From the higher ground of Burgundy a panorama opens out of the Morvan, a wild landscape of pastel colours and fierce weather. Past the mediaeval market centre of Auxerre, the holy city and pilgrimage centre of Vezelay appears on the signposts. The forests are now fir: this is where Parisians get their Christmas trees.
Once the turning to Dijon, mellow stone capital of the Burgundian dukes is past, the houses are sleeker and lower. Slate roofs give way to red tiles, hay and kale to vines. The rounded hills of Beaujolais rise to the west and the signs suggest a vintner's catalogue: Macon, Fleurie, Julienas ...
Almost before you have time to overtake another lorry, you are on the threshold of Lyons, capital of Roman Gaul. Here, Parisians distinguish themselves for the second time.
Having chosen the A6, they scorn the recent relief motorway, a long loop that seems to veer more to Geneva than the Midi, and brave instead the tunnels that run beneath the city centre and emerge across the blue-grey Rhone. So what, if we are caught in a jam? You feel you are passing a great city and heading ever south.

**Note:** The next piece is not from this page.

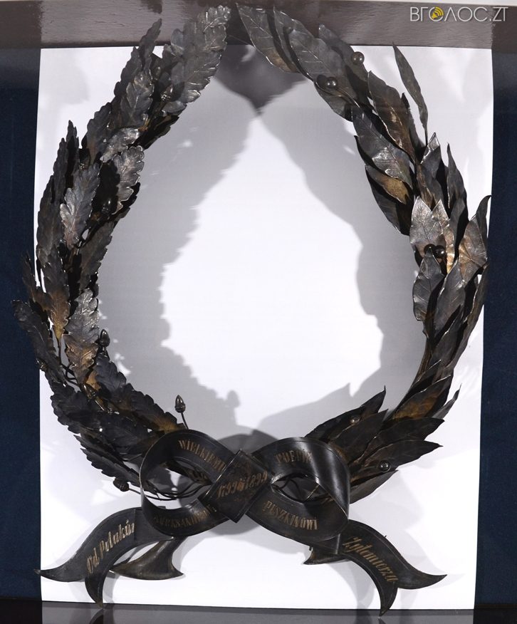 «На вінку зроблено напис польською мовою: «Великому поету Олександру Пушкіну від поляків Житомира». Цей унікальний художній та історичний раритет, якому вже 118 років, нині зберігається у фондах Житомирського краєзнавчого музею», – уточнили у музеї.

From Lyons, the Rhone is always alongside; the names on the signboards are already lyrical, evoking the delights of the Midi: Vienne, Valence, Montelimar, Orange and finally Avignon, city of the popes. The vines sweep to the road; the pines are of the Mediterranean umbrella variety, the stone is golden and the roofs are tiled.
Before Avignon, the motorway divides, and so do France's sun-seekers: to the east are the traditional and highly concentrated holiday grounds of the Cote d'Azur; to the right, the quieter, more rustic resorts of Languedoc-Roussillon, and the road to Spain.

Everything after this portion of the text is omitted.